Василий не дрогнул ни одним мускулом, лишь сильней сжал рукоять пистолета. «Все равно, если что, успею не одну пулю в него всадить, а потом и по другим пальну».
Но эти другие сейчас же приструнили своего свирепого товарища, схватив его за руки:
– Погоди, Стёпка, не дури! Нам надо обратно к командиру явиться, сообщить, что в деревне нет контриков!
И, повернувшись к отцу Василия, крикнули:
– Вот что, хозяин! Чтобы всё зерно собрали и нас ждали с подводами!
А тот, что спорил с Василием, уже развернув на ходу коня, сказал:
– Берегись, офицер! Мы ещё вернёмся!
И, тронув коней, всадники ускакали в ту сторону, откуда приехали.
За обедом отец сказал матери:
– Всё, мать, теперь нужно ворота задние не закрывать. И окно в огород всегда держать без ставня! Гости могут нагрянуть в любой момент. Похоже, сильно их наш Василий обидел.
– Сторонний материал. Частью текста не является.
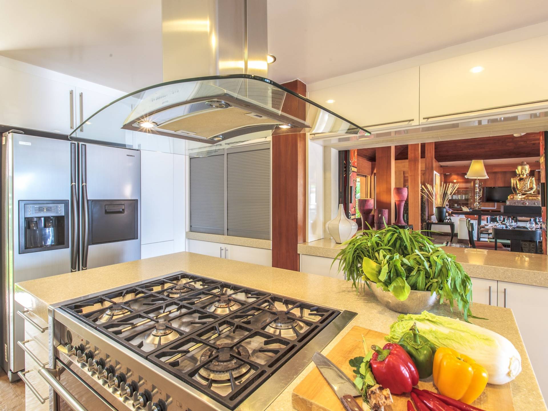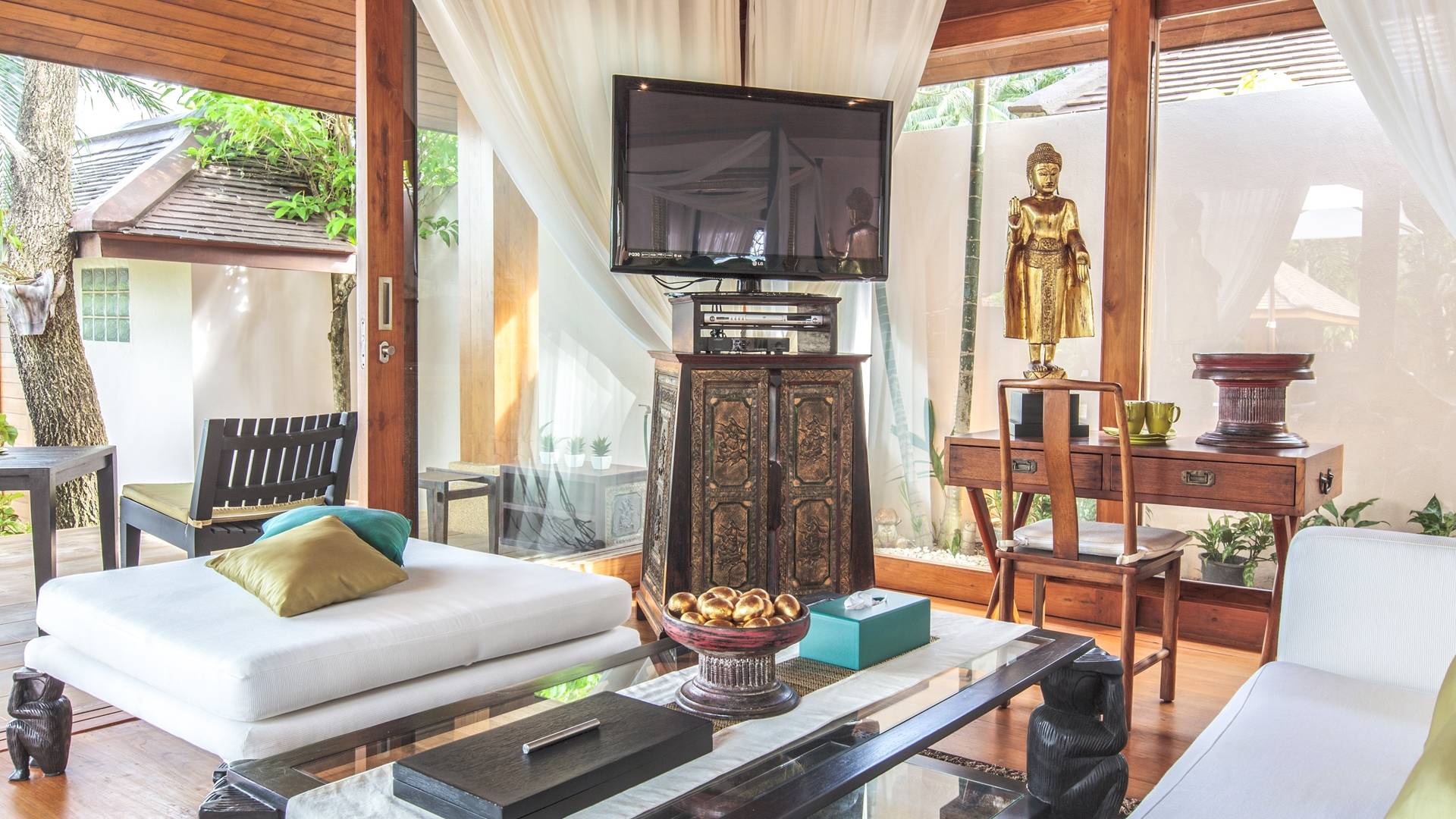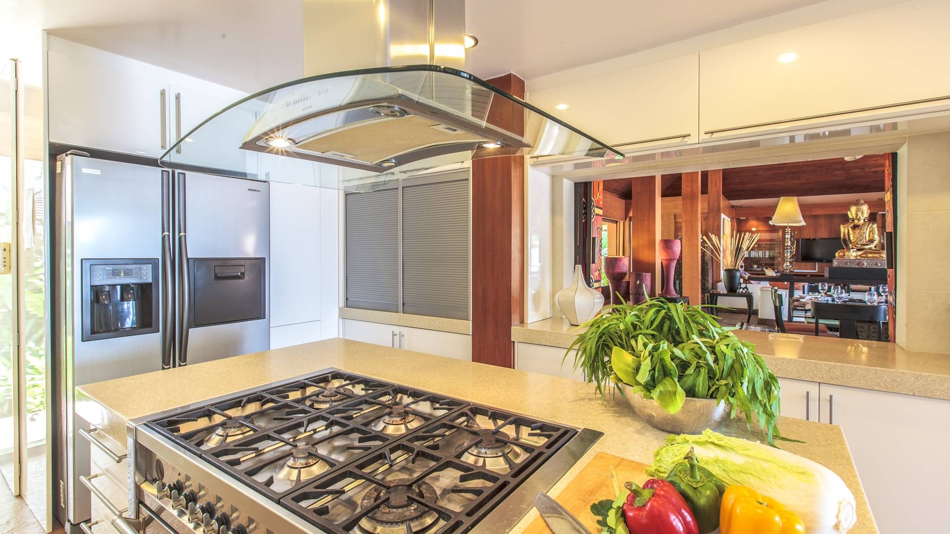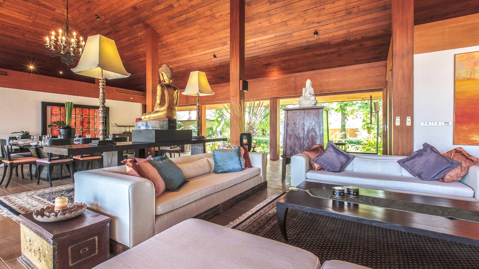 Οι λιμνούλες με πεταλούδες άφθονες με λουλούδια λωτού και βάτες, ανοίγουν το δρόμο για τον θολωτό χώρο διαβίωσης, στο κέντρο της βίλας. Μεγάλες συρόμενες πόρτες κονσέρτινα πίσω σε μοναδικό σχεδιασμό που διαλύει κάθε διάκριση μεταξύ εσωτερικού και εξωτερικού χώρου. Το πολυτελές σαλόνι με ψηλή οροφή με ανεμιστήρες διαθέτει μεγάλα καθίσματα καναπέ για έως και 25 άτομα, LCD 48 ιντσών, με εκτενή DVD και βιβλιοθήκη βιβλίων.
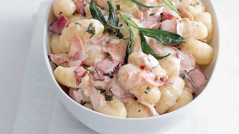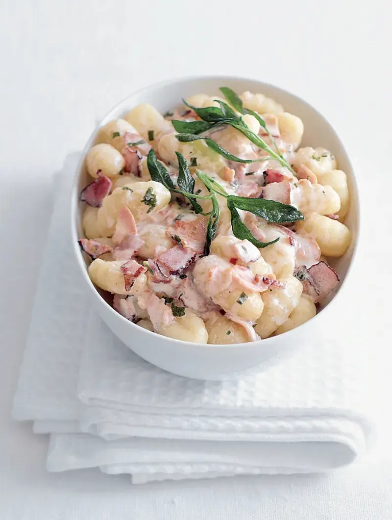 Skvělá hutná omáčka se slaninou a sýrem a gnocchi jsou to pravé po dlouhém výletě.
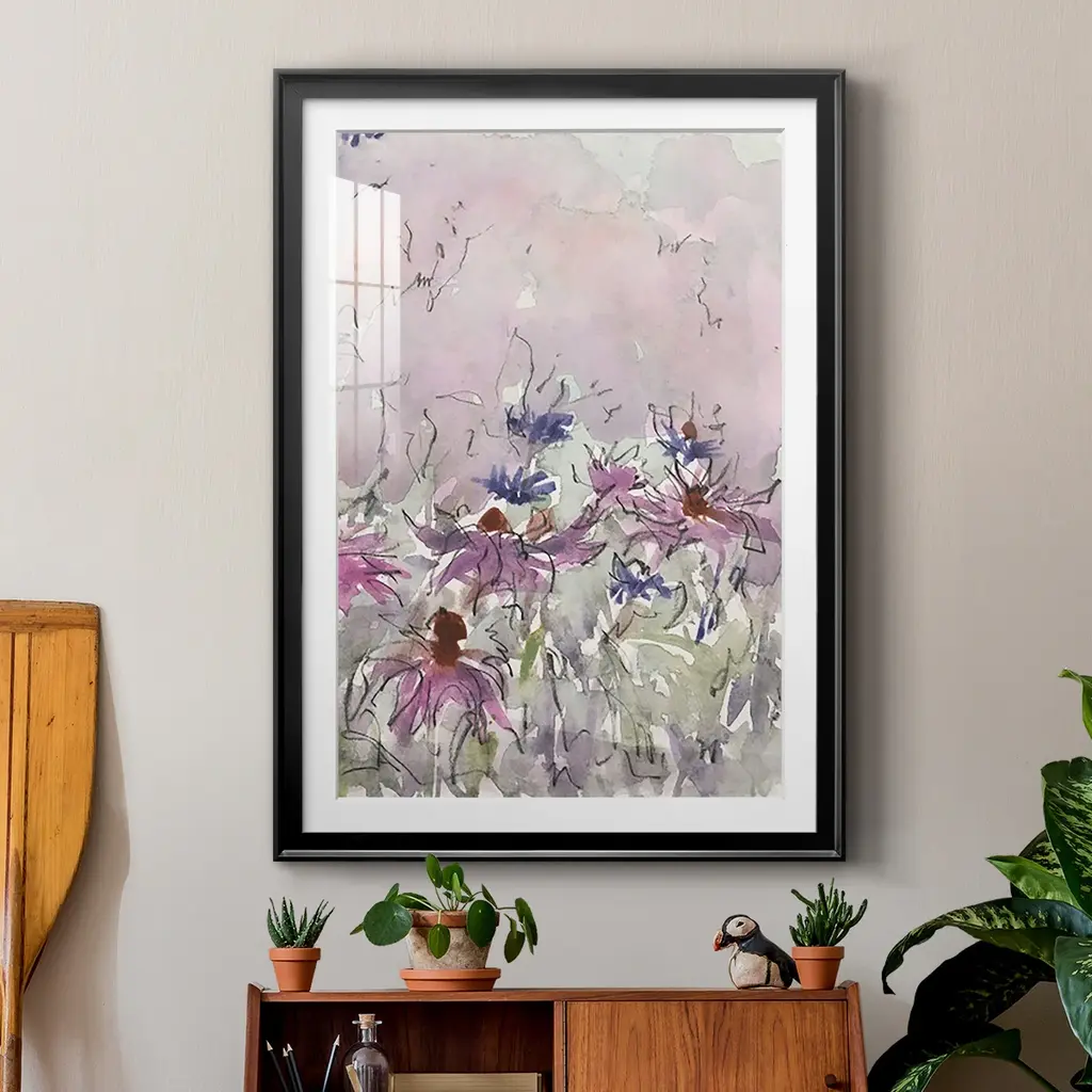 Floral Entertainment I Premium Framed Print - Ready to Hang A Premium Framed Print created to last. Framed in distressed wood and available in an array of sizes and colors Featuring a beveled a solid wood stretcher bar, each piece comes ready to hand 4 SIZES AVAILABLE 30.5''X42.5'' - Overall Size 26.5'X36.5'' - Overall Size 22.5''x30.5'' - Overall Size 18.5''x24.5'' - Overall Size Each piece is made to order. Each piece comes with hanging hardware. Made in the USA Ready to Hang Giclee Paper Print Acrylic Glass Beveled Matt Board
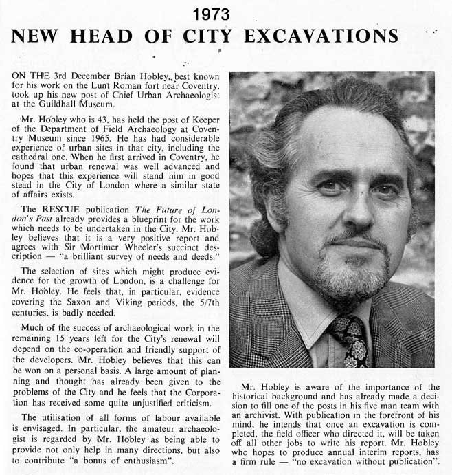 I still have a vivid memory of my DUA job interview with Brian and John Schofield on a snowy winter's day in 1979 at the Basinghall St offices; I got a short-term contract on the basis that I was good at shovelling and didn't mind the cold (having grown up on a dairy farm in Ontario I was highly qualified in both instances). Brian was certainly a character and played an important part in convincing developers to provide funding and time for excavations, though he had his faults too (but who doesn't)
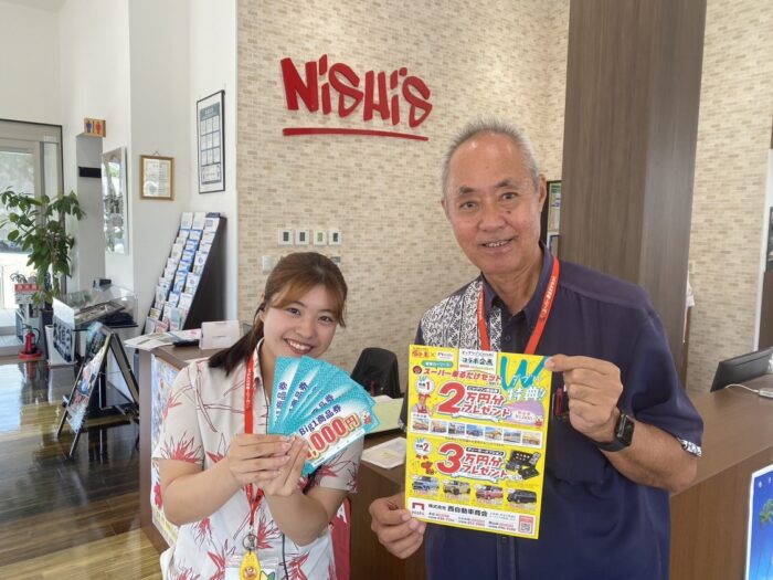 今回、西自動車商会と沖縄で有名なビッグワン様とのコラボ企画を実施中です。
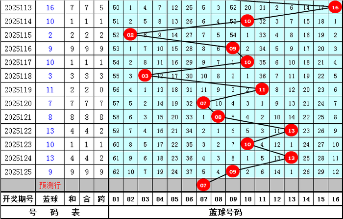 蓝球号码:最近9期别离开出蓝球号码10、03、11、07、08、13、10、13、09,蓝球号码012路个数比为2:5:2,其中0路蓝球开出最少,本期不错根除,参考蓝球04、07、13、16。
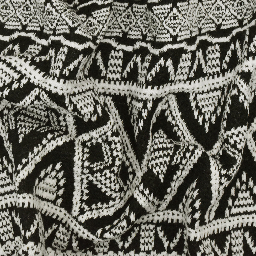 Black-White Aztec Jacquard Stretch Double Knit Fabric
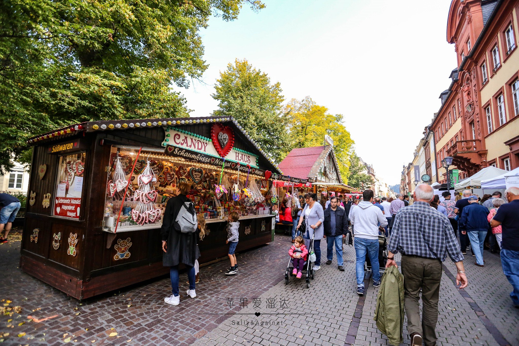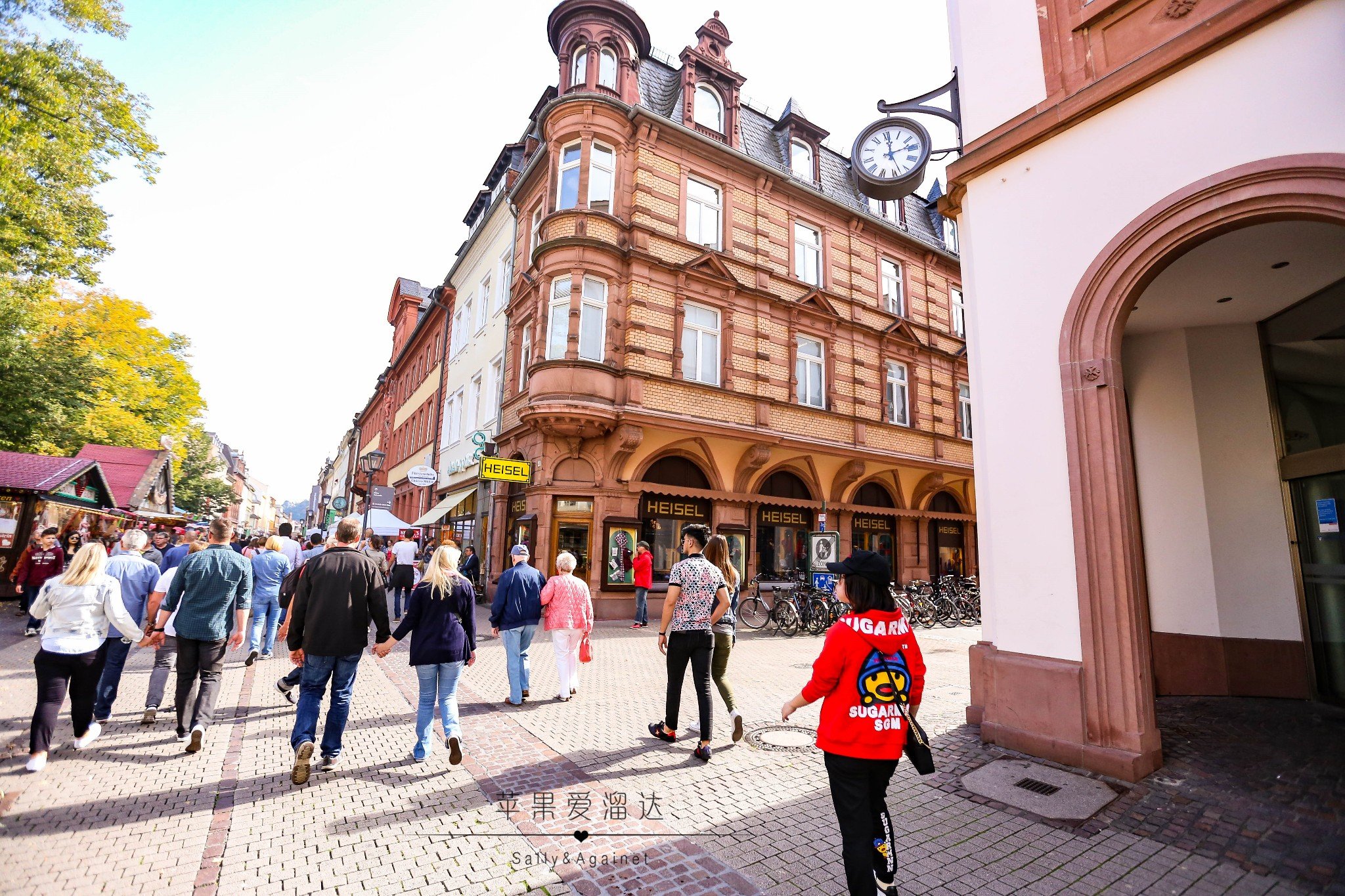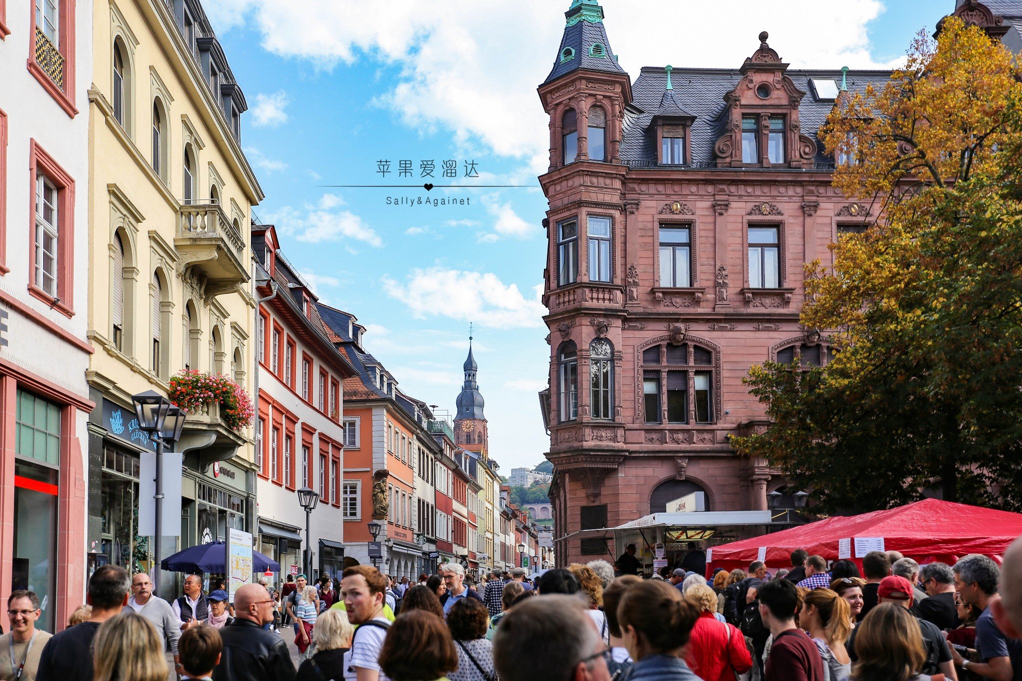 过了一条马路就是海德堡老城的主街了,一到主街我们一脸懵逼,说好的静静流淌的中世纪呢,马路上人头攒动,街边各类小贩各自吆喝着,还有从各个巷子里传出来的各种刺激耳膜的音乐。后来路边卖香肠的小姐姐才和我介绍,海德堡一年中360天是安静的,只有5天的节日才能让整个海德堡燃起来,而秋节,正式海德堡最燃的一天,哪怕火烧海德堡的焰火节也无法媲美,那好吧,就让我们来体验最不一样的海德堡。
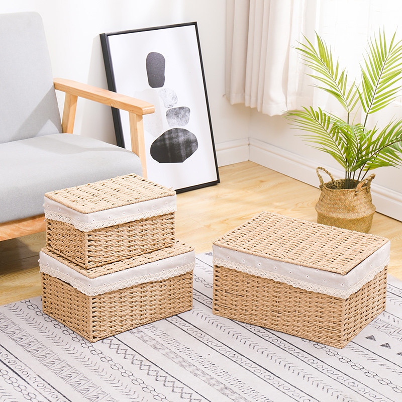 草编抽屉式收纳箱桌面玩具储物箱大号有盖衣物整理箱杂物收纳篮子
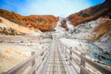 🐧 Thung lũng địa ngục Jigokudani Noboribetsu: Quý khách dạo bước giữa các hồ nước nóng dọc theo con đường lát ván gỗ, đầy tuyết phủ trắng xóa và cảm nhận hơi ấm trên làn da của bạn.
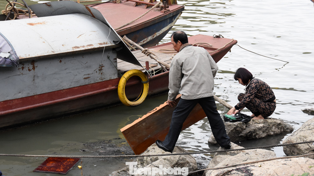 Ngoài thả cá, tro nhang. Nhiều người còn thả cả những chiếc ban thờ rất lớn xuống mặt nước.
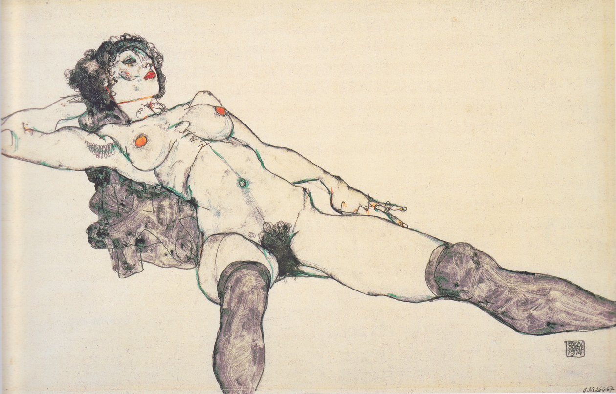 脚を広げて横たわる女性ヌード(Liegender weiblicher Akt mit gespreizten Beinen)エゴンシーレ |
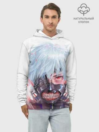 Худи мужской база хлопок / Канеки Кен акварель
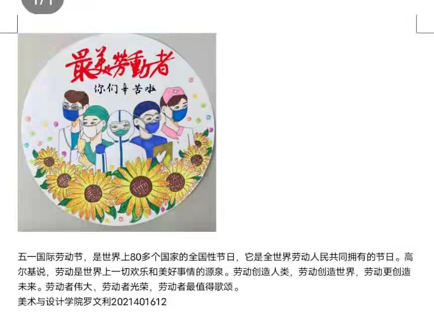 热爱劳动自古以来就是中华民族的优良美德。为了帮助学生树立“劳动最光荣”的观念;全面发展学生素质,培养良好的劳动习惯,明确劳动在实际生活中的重要性及劳动是无上光荣的。5月1日,yl6809永利官网线上举办“最美劳动者”创意设计大赛。
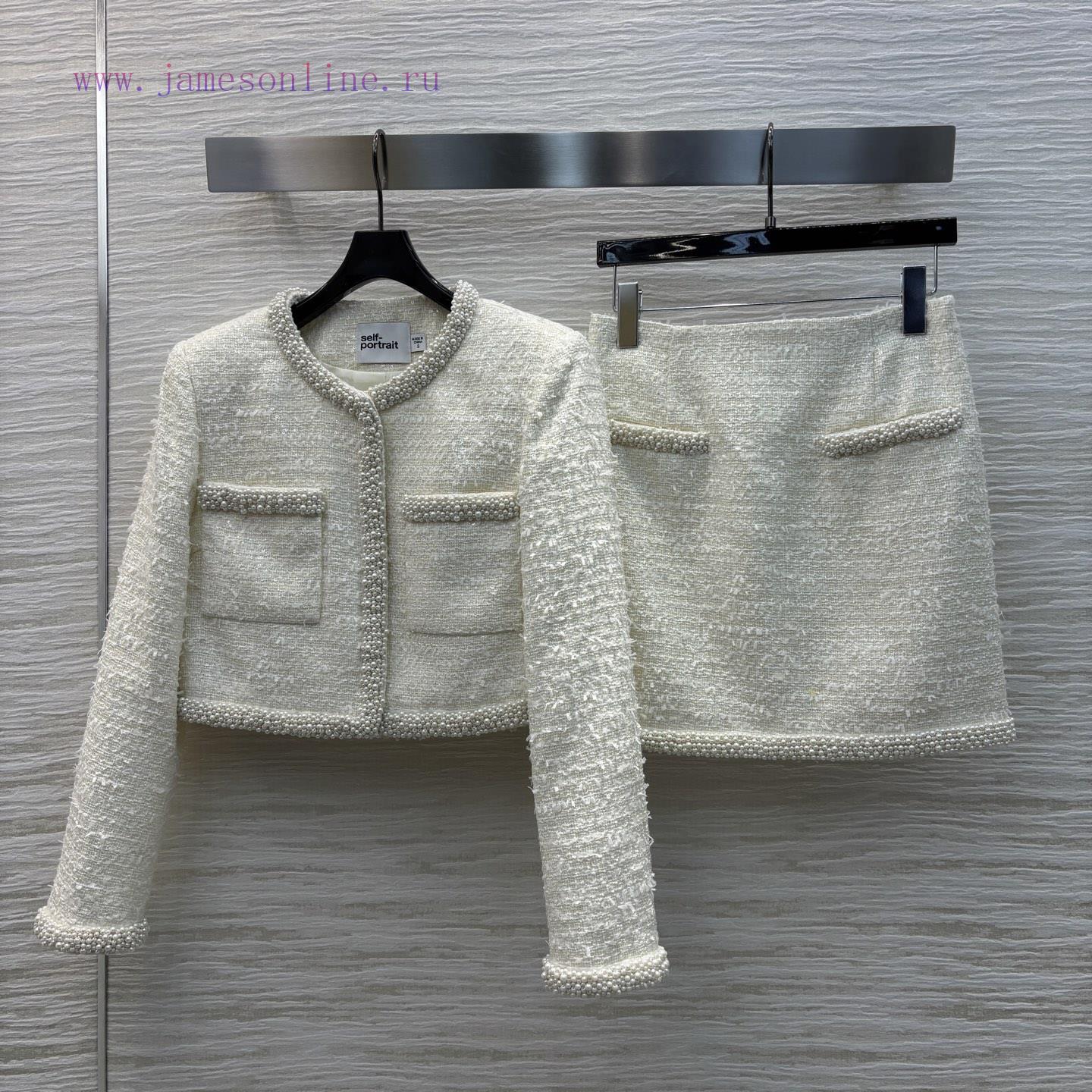 CT76020 niche design 25 early spring new item, Chanel style nail bead round neck short jacket+nail bead high waist short skirt set exquisite and fashionable, three-dimensional slim fit cut matched with high waist short skirt, a set that is perfect for upper body, really too sweet to show off temperament, whether it is daily wear or dating parties can make you the focus. One color SML three size jacket 460, half skirt

– Да, зерно надо бы, тятя, в срочном порядке куда подальше и поглубже запрятать, – вставил своё слово Василий. – Ночью сегодня же под зародом выроем яму и туда всё спустим! Пусть ищут!
Глава 13
Полковник Смолин
Иннокентий Семёнович, зло сплюнув, раздражённо вскочил на подножку штабного вагона. Ещё раз взглянул в сторону уходящего бронепоезда чехов и выругался:
– Мать их, этих союзничков!
И, не обращая внимание на приближающийся шум аэроплана, склонился над картой. Вот уже две недели прошло с его назначения на должность командира боевой колонны в составе 1-го, 2-го и 3-го степных полков, а продвижение на его участках: Кунара[30], Антрацит[31], Ирбитские вершины, Егоршино[32] – идёт с трудом. Сколько событий произошло, с тех пор как он с оружием в руках во главе партизанского отряда выступил против советов. Успешные бои на станциях Тугулым[33] и Подъём. Освобождение Тюмени и его речь на параде по случаю этой победы, и, наконец, трагедия, потрясшая и вырвавшая его на время из военных рядов. Никак он не ожидал, что враг может быть до такой степени жестоким, что за отца расквитается с детьми. Все, проживающие в Туринске родственники жены, включая детей, были расстреляны. Чудом спаслась только жена Вера…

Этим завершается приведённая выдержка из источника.